Since the model training loop was on the vendor’s side and was not connected with the bank’s systems, after each training cycle the model was transferred by the vendor to the bank, where it was tested on a test environment. In case of successful verification, the model was transferred to the certification environment, where it was regression tested, and then to the industrial environment, in order to identify special cases that were not taken into account when training the model.
At the perimeter of the bank, data was submitted to the model, the results were recorded in the database. Data quality analysis was carried out using the almighty Excel – using pivot tables, logic with formulas and their combinations vlookup, hlookup, index, len, match and character-by-character string comparison through the if function.
Testing using simulated documents allowed us to run the maximum number of test scenarios and automate the process as much as possible.
First, in manual mode, we checked the return of all fields for compliance with the original requirements for each type of document. Next, we checked the model’s responses when dynamically filling text blocks of different lengths. The goal was to test the quality of the responses when the text moves from line to line and from page to page.
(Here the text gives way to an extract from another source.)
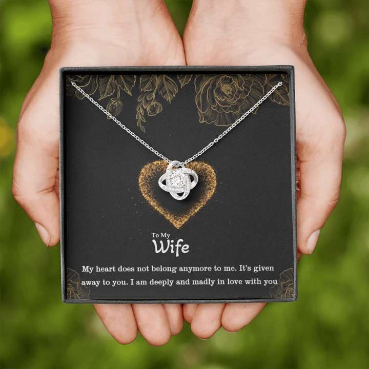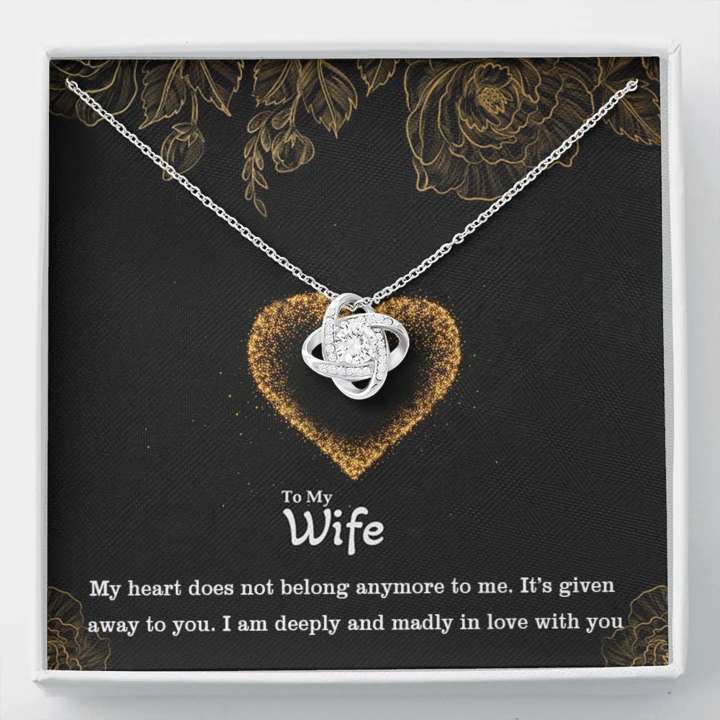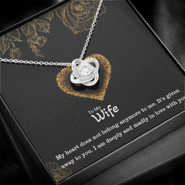 Why is it that the one we know and love the most is often the hardest to shop for? Choosing the perfect surprise gift for wife from husband can be tough—after all, you have to try to show her how much she means to you with just one present. We guarantee you that she will be overwhelmed to receive this pendant from YOU. This symbol is a forever favorite and trending everywhere. The beautiful Love Knot is crafted with a glorious White gold finish over 925 sterling silver, and swings from a fine silver cable chain of 18''.

At the end, we checked the quality of the answers in the fields depending on the quality of the scanned document. For the highest quality calibration of the model, low resolution scans of documents were used.
Particular attention should have been paid to the most complex document containing the largest number of fields and checkboxes – the KYC questionnaire. For him, special scripts for filling out the document were prepared in advance and automated macros were written, which made it possible to speed up the testing process, check all possible data combinations and promptly give feedback to the vendor to calibrate the model.
Integration and internal development
The necessary revision of the bank’s systems and intersystem integration were performed in advance and displayed on the test environments of the bank.
The realized scenario consists of the following stages:
- Acceptance of incoming scans of documents;
- Sending received scans to the “recognizer”. Sending is possible in synchronous and asynchronous mode with up to 10 threads;
- Receiving a response from the “recognizer”, checking and validating the received data;
- Saving the original scan of the document in the electronic library of the bank;
- Initiation in the bank’s systems of processing the data received from the “recognizer” and subsequent verification by the employee;
At the moment, the training of the model has been completed, successful testing and implementation of the business process in the production environment of the bank has been carried out. The performed automation allowed to reduce the average time for opening an account from 20 minutes to 5 minutes. The laborious stage of the business process for the recognition and input of document data, which was previously performed manually, has been automated. At the same time, the probability of errors caused by the human factor is sharply reduced. In addition, the identity of the data taken from the same document in different systems of the bank is guaranteed.